**About this task**
Look below for the line that contains "Dieser durchdachte Kaninchenstall" and the line that contains "国风女装 绿色丝绒旗袍连衣裙女2025年秋冬新款 年会礼服裙子新中式", then restate both of them and every line in between, exactly. No picture goes in the copy.

**Information provided**

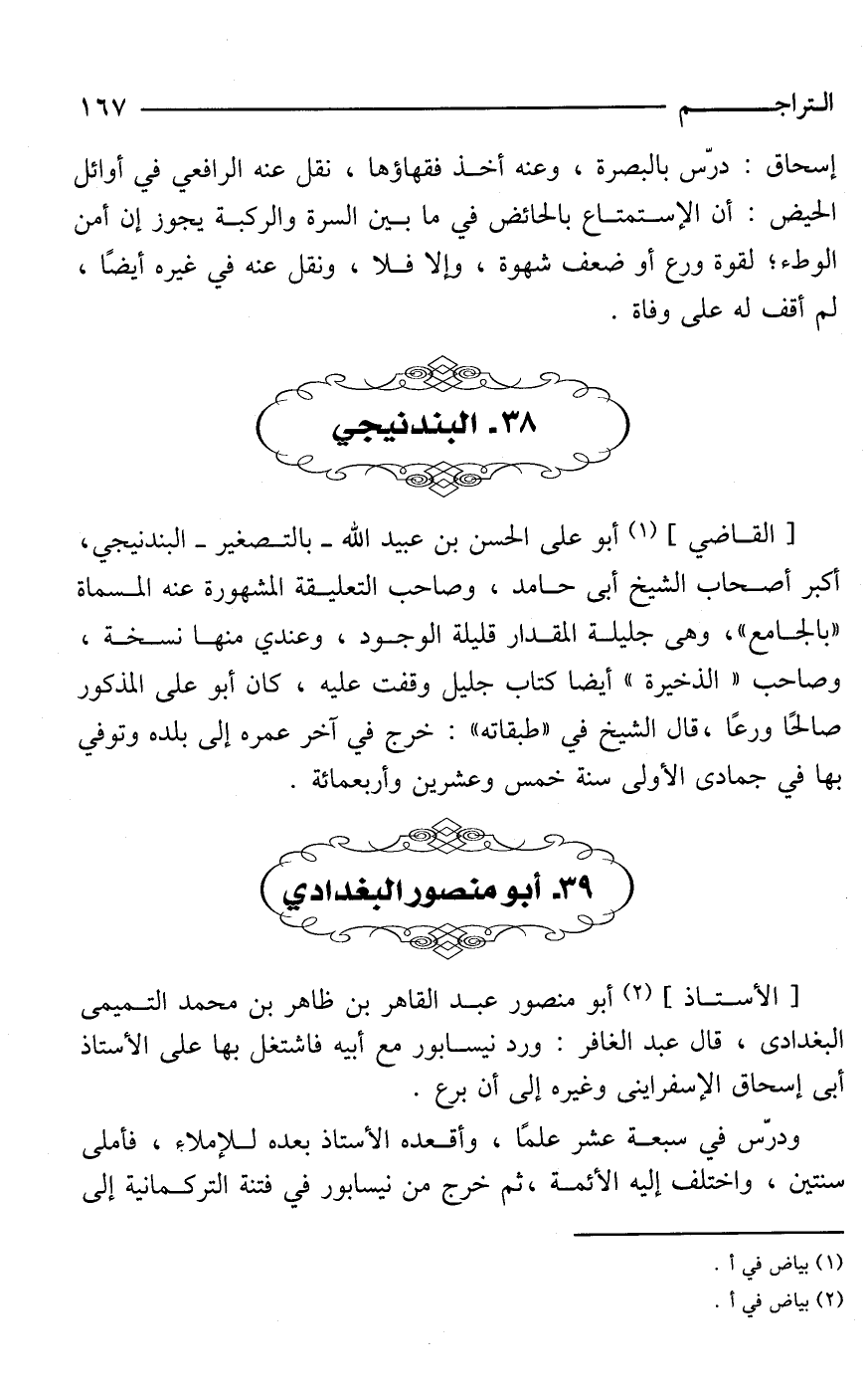 إسحاق: درّس بالبصرة، وعنه أخذ فقهاؤها، نقل عنه الرافعي في أوائل الحيض: أن الإستمتاع بالحائض في ما بين السرة والركبة يجوز إن أمن الوطء؛ لقوة ورع أو ضعف شهوة، وإلا فلا، ونقل عنه في غيره أيضًا، لم أقف له على وفاة.
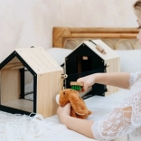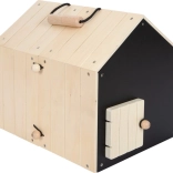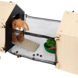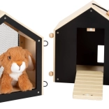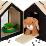 Dieser durchdachte Kaninchenstall aus hochwertigem Holz bietet zwei getrennte Häuschen – eines zum ruhigen Schlafen und eines mit Gitterfenster zum Beobachten der Umgebung. An die Häuschen lassen sich leicht Drahtzäune anbringen, um einen Außenbereich für noch mehr Spielspaß zu schaffen. Die schwarze Rückwand kann mit Kreide beschriftet werden und sorgt für zusätzliche kreative Interaktion.
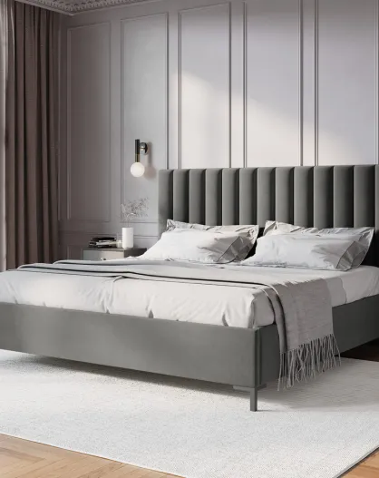 Lit Coffre Avec Tête de Lit en velours Apollo gris clair - 220x170x130cm
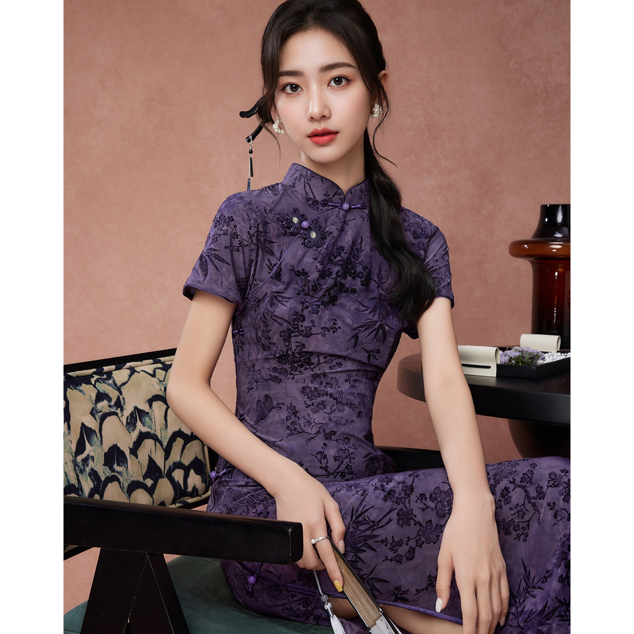 国风女装 绿色丝绒旗袍连衣裙女2025年秋冬新款 年会礼服裙子新中式
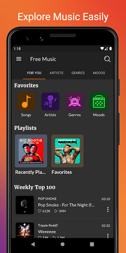 This is free music app for online streaming service and perfect spot where you can play trending music charts. Listen to top charts of music and add them in your playlists for free. Just play unlimited music non-stop stream of all song you love. Play cloud music in this background music player, you can stream music while doing other activities. Unlimited songs, online streaming plays from free music catalog from SoundCloud. Search trending artists, free songs, playlists for any mood. Match your taste with this music app. Add this player in to your one of the music apps collection.
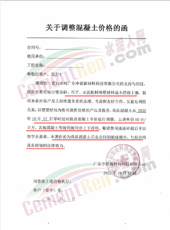 珠海三潤混凝土有限公司、珠海文冠商品混凝土有限公司、珠海市志隆商品混凝土有限公司、珠海市潤濠商品混凝土有限公司、廣東中聯新材料科技有限公司、珠海市錦龍混凝土有限公司、珠海凌宇混凝土有限公司等近十家混凝土企業通知稱,由于廣東海事局對航道及船舶要求嚴禁卸貨等因素影響,直接導致了砂、石子、水泥等原材料價格不同程度上漲。其中水泥分別于2022年9月23日上調20元/噸,9月29日上調30元/噸,10月13日上調10元/噸,累計上調60元/噸,導致了混凝土生產成本急劇增加。為確保建筑工程混凝土質量不受影響,混凝土公司決定各項目各等級混凝土及砂漿價格在原結算單價基礎上上調50元/m³。且強調此次調價是根據原材料市場行情,不以《珠海工程造價信息》為準。同時提到,因原材料緊缺或無貨造成的混凝土供應困難,也請客戶理解、支持與配合。

**Reply**
 Dieser durchdachte Kaninchenstall aus hochwertigem Holz bietet zwei getrennte Häuschen – eines zum ruhigen Schlafen und eines mit Gitterfenster zum Beobachten der Umgebung. An die Häuschen lassen sich leicht Drahtzäune anbringen, um einen Außenbereich für noch mehr Spielspaß zu schaffen. Die schwarze Rückwand kann mit Kreide beschriftet werden und sorgt für zusätzliche kreative Interaktion.
 Lit Coffre Avec Tête de Lit en velours Apollo gris clair - 220x170x130cm
 国风女装 绿色丝绒旗袍连衣裙女2025年秋冬新款 年会礼服裙子新中式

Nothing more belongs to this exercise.